TASK TO COMPLETE - After locating the line that contains "副校長、校學(xué)位評定" in the material below, copy that line and each one following it, exactly, up to the last line. Pictures stay out.

DATA SEGMENT -
□ □ □ □ □
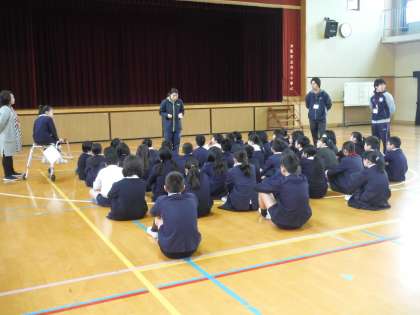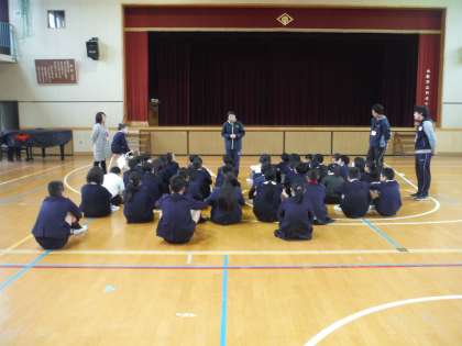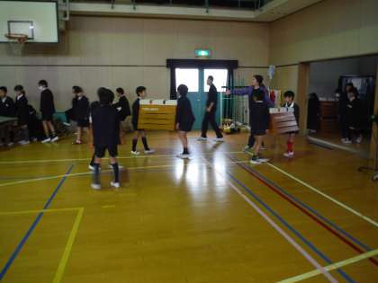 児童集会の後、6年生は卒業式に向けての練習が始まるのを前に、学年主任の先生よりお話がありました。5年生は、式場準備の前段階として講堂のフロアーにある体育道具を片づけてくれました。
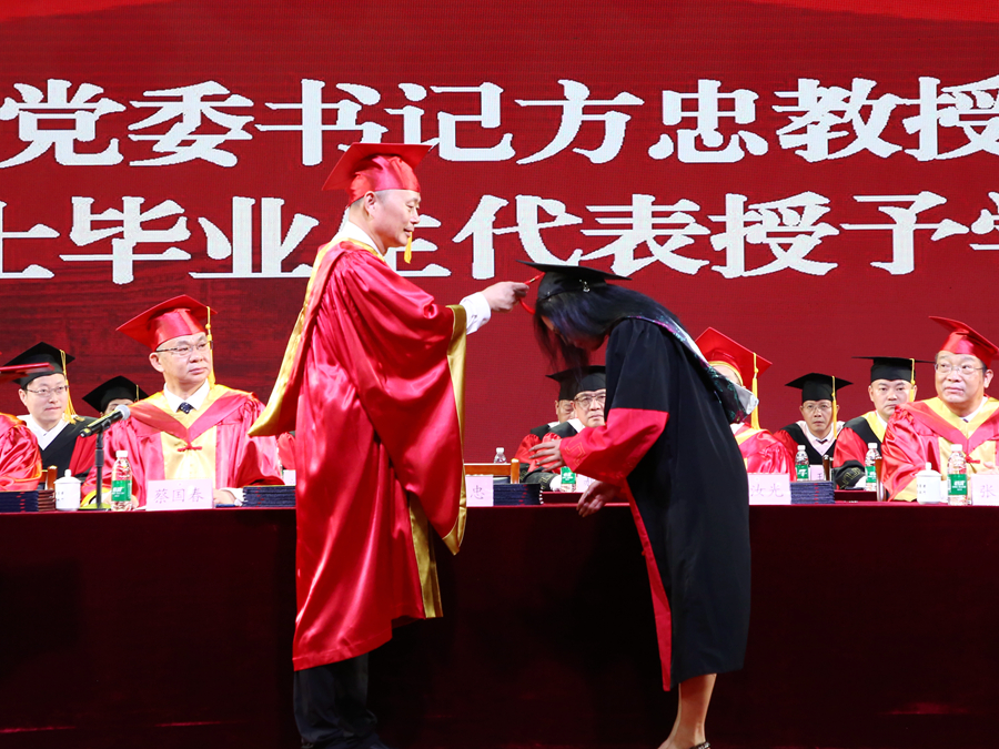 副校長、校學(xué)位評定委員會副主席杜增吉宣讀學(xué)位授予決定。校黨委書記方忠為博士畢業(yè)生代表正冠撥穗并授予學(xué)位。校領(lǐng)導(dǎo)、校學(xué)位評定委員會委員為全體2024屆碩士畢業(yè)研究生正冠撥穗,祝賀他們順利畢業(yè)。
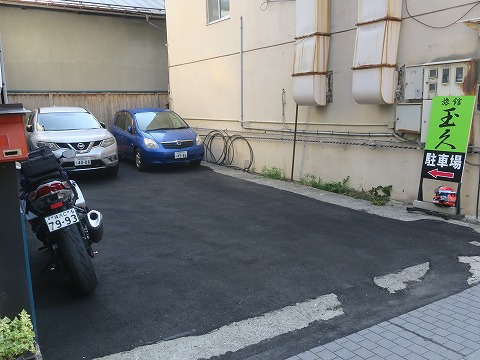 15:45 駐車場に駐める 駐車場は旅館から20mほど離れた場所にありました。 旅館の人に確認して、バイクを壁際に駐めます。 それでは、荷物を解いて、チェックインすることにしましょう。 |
□ □ □ □ □
RESPONSE -
 副校長、校學(xué)位評定委員會副主席杜增吉宣讀學(xué)位授予決定。校黨委書記方忠為博士畢業(yè)生代表正冠撥穗并授予學(xué)位。校領(lǐng)導(dǎo)、校學(xué)位評定委員會委員為全體2024屆碩士畢業(yè)研究生正冠撥穗,祝賀他們順利畢業(yè)。
 15:45 駐車場に駐める 駐車場は旅館から20mほど離れた場所にありました。 旅館の人に確認して、バイクを壁際に駐めます。 それでは、荷物を解いて、チェックインすることにしましょう。 |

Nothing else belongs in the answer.